What to do if critical process died?

What is a critical process?

A critical process is a computer program or service that is essential for the continued stable operation of a computer system. Critical processes are those that the system relies upon in order to function correctly. If a critical process unexpectedly terminates or “dies”, it can cause serious problems for the system and users.

Some examples of critical processes include:

  • Init system (init)
  • Login manager (login)
  • Desktop environment (gnome-session, kdeinit, etc)
  • Window manager (metacity, kwin, etc)
  • Audio server (pulseaudio)
  • X11 server (Xorg)

On Linux and other Unix-like systems, critical processes are often daemon processes that start during boot and run in the background continuously. They may provide essential services to other programs and users.

Why do critical processes die?

There are several potential reasons why a critical process may unexpectedly terminate:

  • The process crashed due to a bug, memory issue, or other fault.
  • The process was forcibly killed, either by the system or manually.
  • There was a dependency issue, e.g. a library or file it relies on became unavailable.
  • The system ran out of some critical resource like memory or disk space.
  • There was a hardware failure or the system lost power.

Finding the exact cause typically requires checking log files such as /var/log/syslog. The log may provide details about what error or condition caused the process exit.

How to tell if a critical process died

There are a few main ways to detect that a critical process has unexpectedly terminated or is no longer running:

1. System/service failures

Often the first sign is failures, crashes, or odd behavior in dependent services and applications. For example:

  • The graphical desktop environment stops responding or crashes.
  • Programs can no longer connect to the network or Internet.
  • You are unable to log in or access your desktop after rebooting.
  • Audio fails or makes strange noises before cutting out entirely.

Issues like these indicate that an underlying process like the window manager, network manager, or audio daemon has failed.

2. Error messages

The system may display an error notification when a process exits unexpectedly. For example:

  • “kded4 has crashed” on KDE desktops
  • “Sorry, Ubuntu 18.04 has experienced an internal error” on GNOME
  • “Oh no! Something has gone wrong.” on Elementary OS

These types of messages explicitly alert you to a process crashing.

3. Checking running processes

You can manually check which processes are running or not running.
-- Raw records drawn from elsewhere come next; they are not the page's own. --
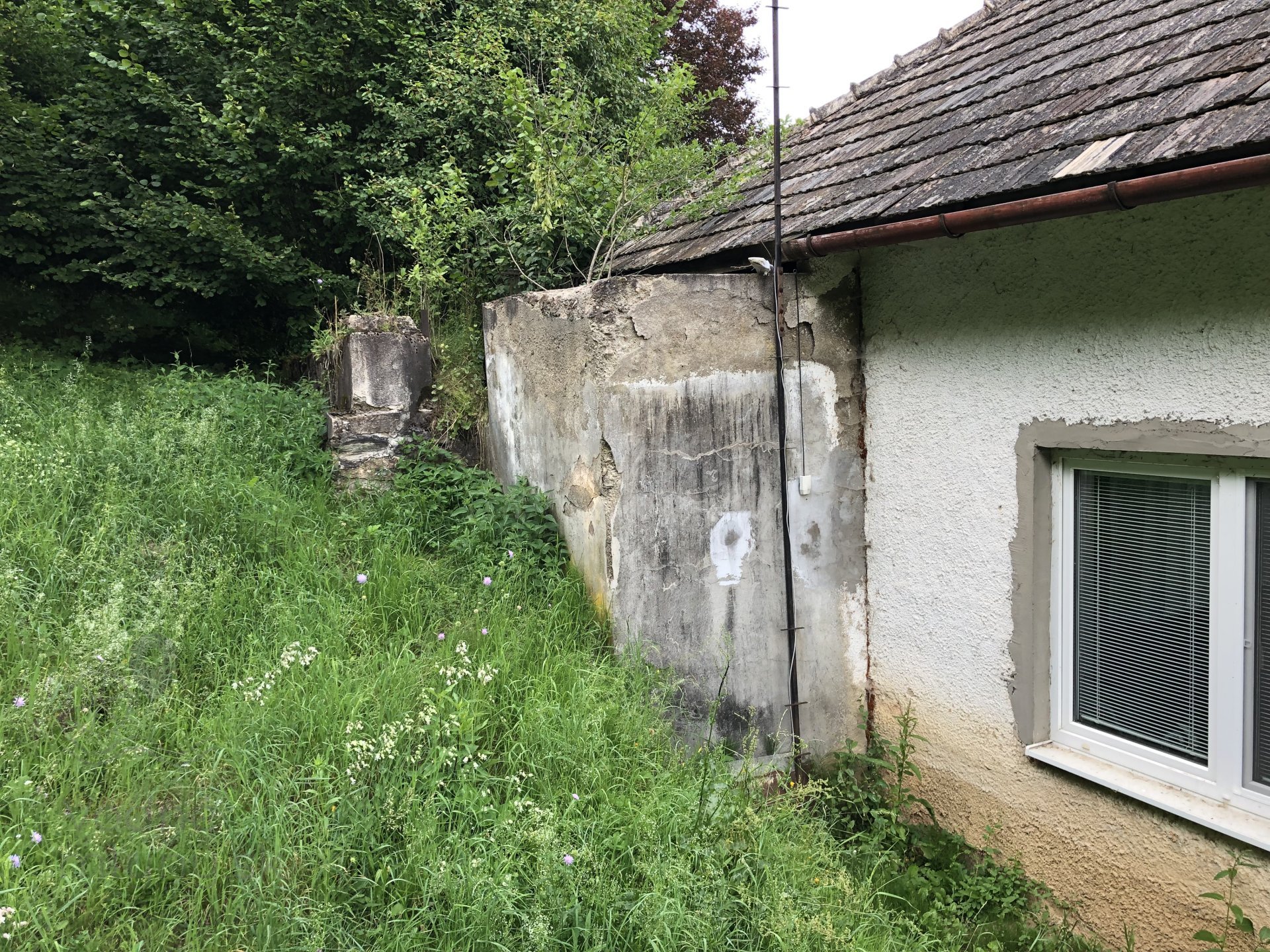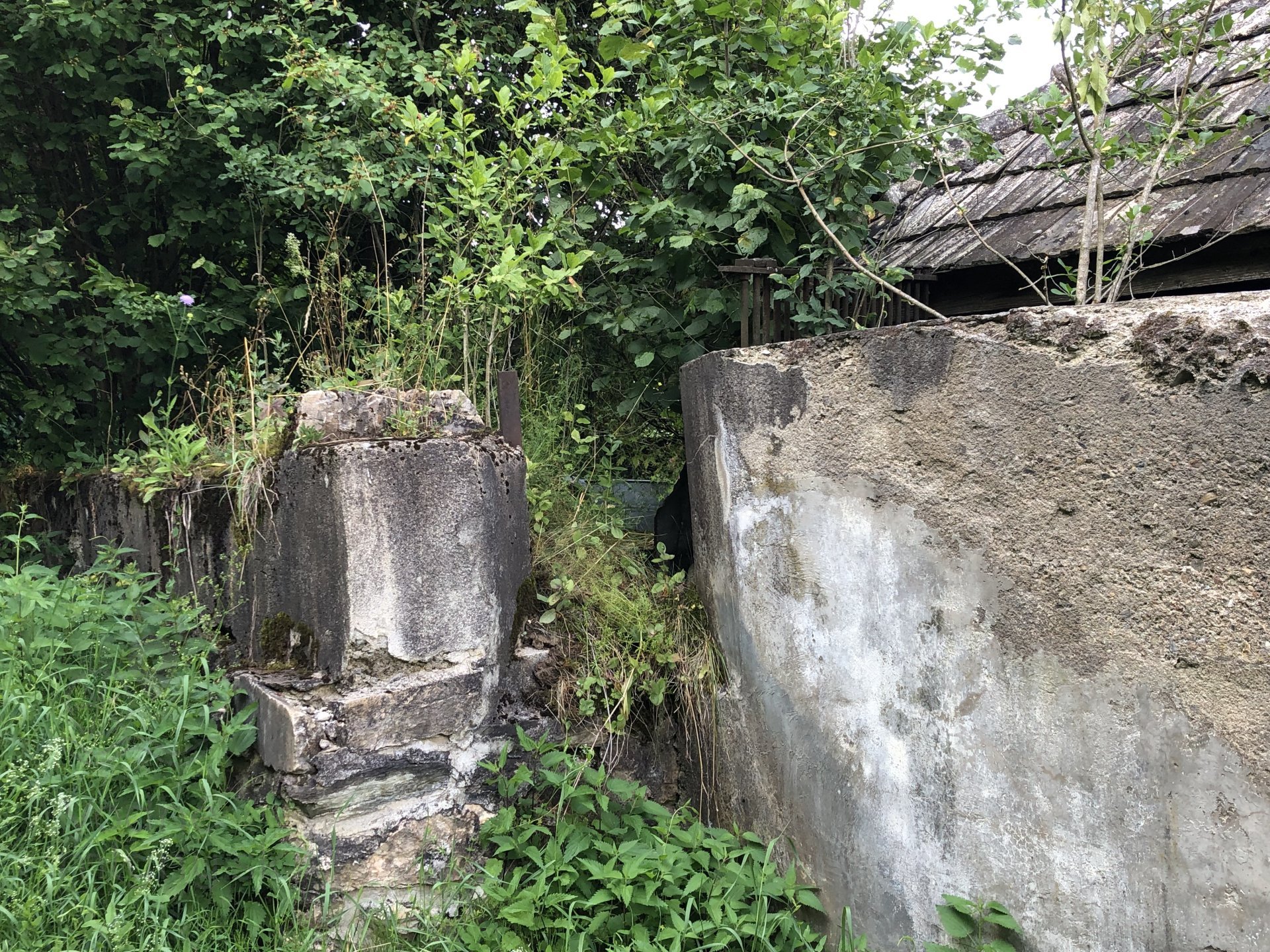 Stavzaniknutý so stopami po osadení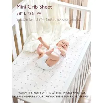 Show more Introducing the Momcozy Muslin Fitted Crib Sheets, where comfort meets functionality! Designed meticulously for discerning parents, these fitted sheets are a blend of premium American natural cotton, ensuring a soothing sleep environment for your little one. With bundled seams and cloth sewn inside the corners, you can say goodbye to the fear of tearing—even after multiple washes. Unlike other fitted sheets on the market, it guarantees long-lasting durability, providing a perfect fit every time.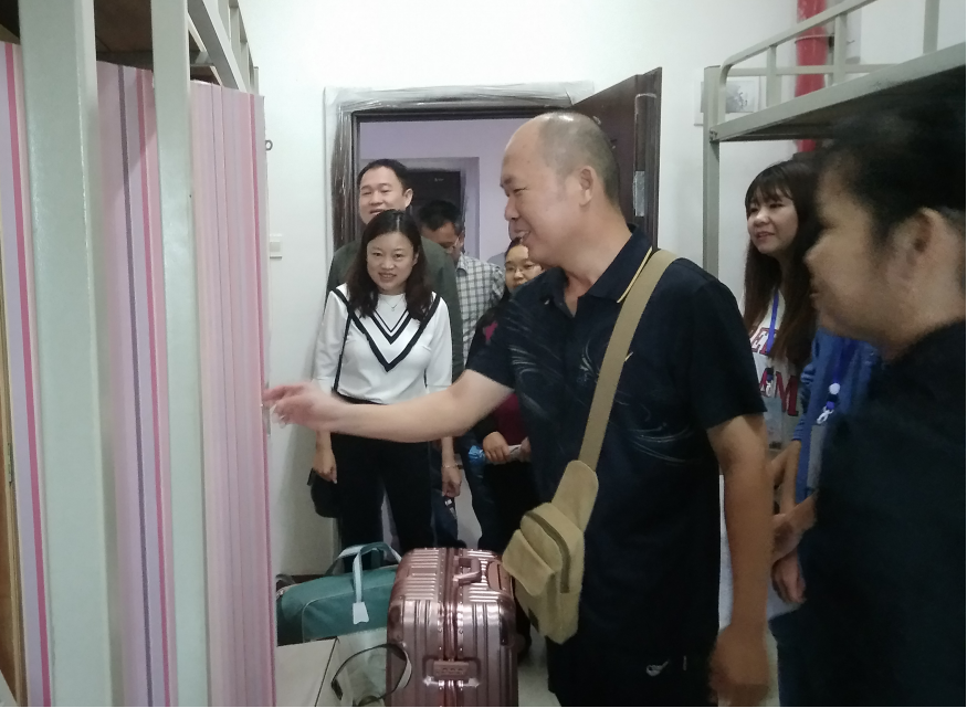 为了让新生来校住得舒适,学院领导亲自检查新生寝室卫生,了解入住情况,并前往提前来校的新生寝室问候家长及新生,并详细询问“对学校是否满意?”、“对新环境是否适应?”、“学校的饭菜是否习惯?”,让学生和家长倍感温暖。海南籍新生赖芸妮和家长才整理好物品,就碰到了刘怿凡等学院领导前来欢迎问候,赖芸妮的父亲对学院领导前来看望表达了感谢,并对学校环境和宿舍条件都表示非常满意。毛小敏、阮中尉等学院领导还向学生家长介绍了专业前景和学院的师资力量,深得学生家长好评。
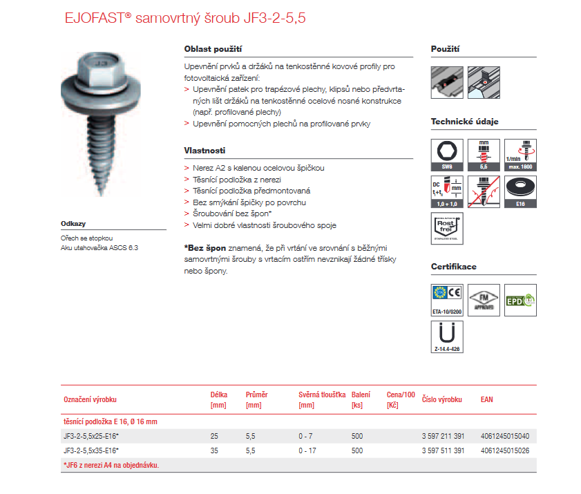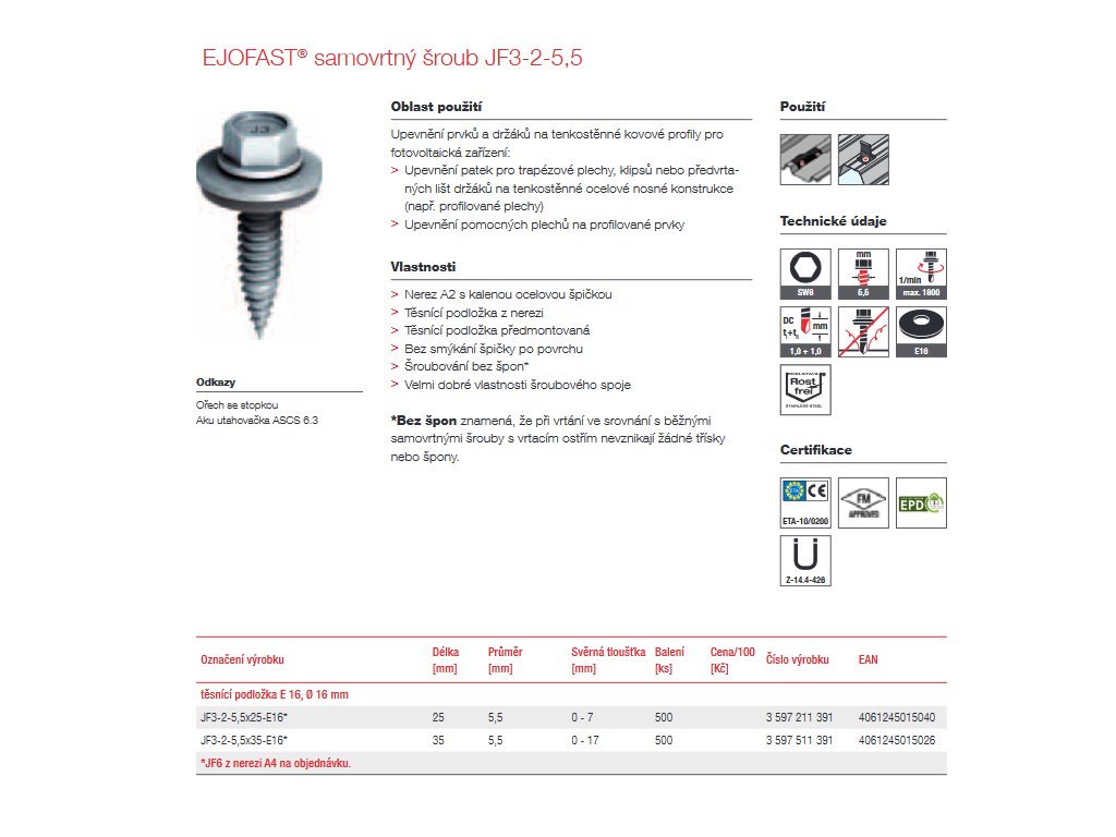 EJOFAST® samovrtný šroub JF3-2-5,5 s podložkou E16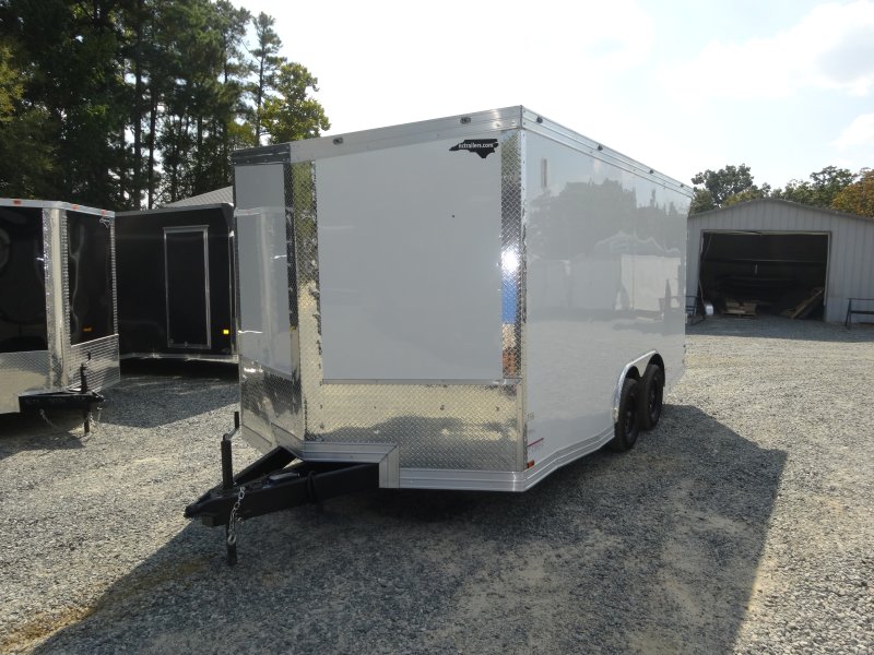 This v-nose 8.5x16 enclosed cargo trailer has a 7' interior height, tandem axles with brakes with a rating of 7,000 lb GVWR. This type of trailer is ideal for light-duty or residential tasks. This model has a side door, a rear ramp door, and a 2000 lb jack.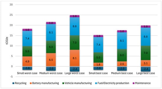In Figure 11, carrying out the same calculations but for BEVs in Portugal in the best- and worst-case scenarios and considering the segment and location of battery production. The analysis considered the production of BEV batteries. In the best-case scenario, the batteries produced in Sweden had a carbon intensity of 45 kg CO2e/kWh, while in the worst-case scenario, they were manufactured in China and had a density of 108 kg CO2e/kWh.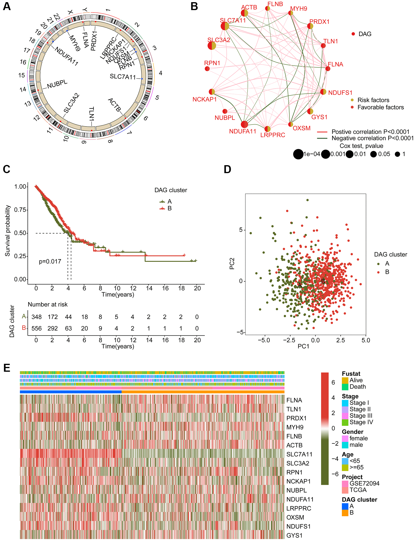 Figure 2. Generation of DAG-based molecular subtypes. (A) Location of DAG in chromosome. (B) Analysis of correlation and prognostic value of DAG in LUAD. (C) Clinical survival prognosis curve. (D) Unsupervised PCA of LUAD samples in DAG-based molecular subtypes. (E) Relationship of DAG expression and clinical variables (survival status, age, stage and gender) in DAG-based molecular subtypes.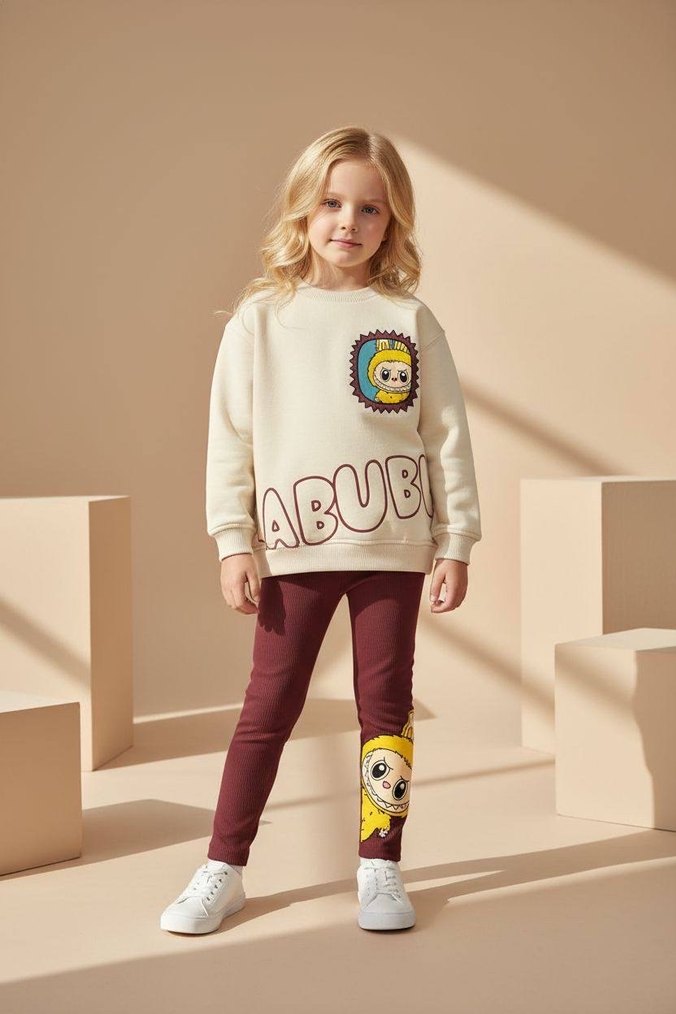 ▫️2-3 / 3-4 / 4-5 / 5-6 / 7-8 ▪️%100 COTTON Lütfen ilan açtırınız. Kız çocuklar için bol kesim, uzun kollu ve bisiklet yaka sweatshirt ile pufflu bağlama desenli eşofman altı. Labubu baskılı, rahat ve şık.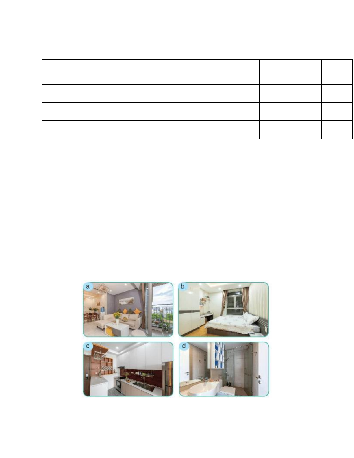Câu 1. Hình nào sau đây thuộc khu vực phòng khách của ngôi nhà? A. Hình a B. Hình b C. Hình c D. Hình d
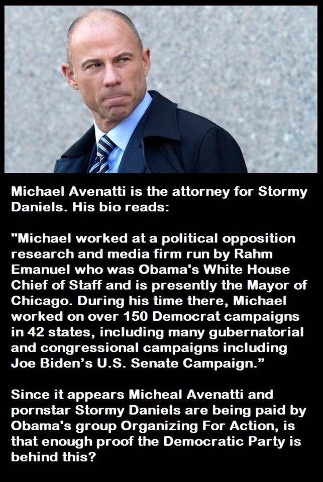 jakee 1,643 #117 May 8, 2018 RonD1120***>Has anyone done a background search on Michael Avenatti the attorney representing >Stormy Daniels? No, but I am sure Breitbart has. Let me guess - he's really a socialist Muslim born in Kenya who wants to grab your guns and impose Sharia law? I just received this. It seems to fit. Why does it appear they are being paid by Organising for Action?Do you want to have an ideagasm? Quote Share this post Link to post Share on other sites
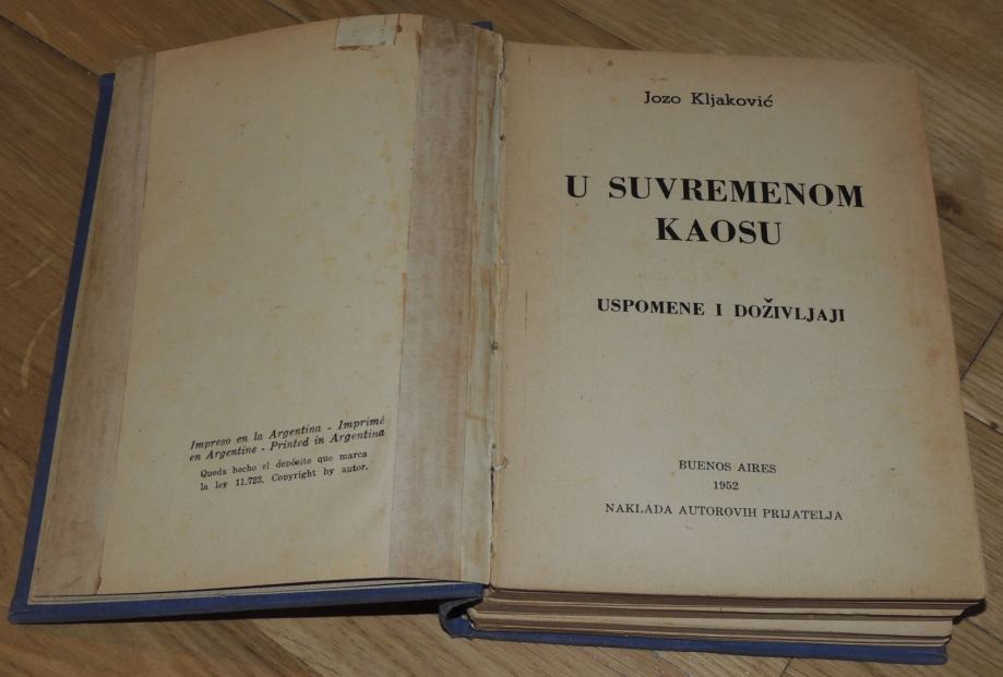 Jozo Kljaković U suvremenom kaosu emigracija posveta i potpis autora

For example:

  • ps aux | grep processname – See if process exists
  • pgrep processname – Returns PID if running
  • pidof processname – Returns PID(s) if running
  • pstree – Display running processes in tree form

If a critical process is missing from the displayed list of running processes, that indicates it is no longer running.

4. System log files

Log files under /var/log record status and errors from system services. The main log file to check is /var/log/syslog. Look for error messages around the time the process failed. This can provide details on why a process crashed or was killed.

Some other log files that may contain relevant error messages:

  • /var/log/kern.log – Kernel logs
  • /var/log/auth.log – Authentication logs
  • /var/log/daemon.log – System daemon logs
  • /var/log/messages – Global system logs

How to restart a crashed critical process

If you determine a critical process like dbus or NetworkManager has crashed or been killed, you will want to restart it to restore functionality. Here are some ways:

Use the init system

On modern Linux distributions using systemd, you can use systemctl to restart failed services. For example:


sudo systemctl restart NetworkManager

This will directly restart the NetworkManager process managed by systemd.

Restart the service daemon directly

Many critical processes on Linux are daemons that can be started with an init script or executable. For example, to restart the pulseaudio audio server:


pulseaudio --start

Or restart the Xorg display server:


sudo /etc/init.d/xorg restart

Knowing the correct command to restart a crashed process takes some system knowledge.

Reboot the system

Rebooting the system will restart all critical processes that run by default. This ensures you start with a clean slate. If you’re unsure how else to restart the specific failed process, rebooting can often resolve the issue quickly at the expense of some downtime.

How to prevent critical processes from crashing

To help avoid critical system process crashes in the future:

1. Update the system regularly

Installing system updates provides security fixes, bug patches, and stability improvements that reduce the chance of crashes.

2. Check for misbehaving programs

A program that starts utilizing too much CPU, memory, or disk I/O can sometimes interfere with critical processes like the desktop manager. Check for any high resource usage and stop misbehaving programs.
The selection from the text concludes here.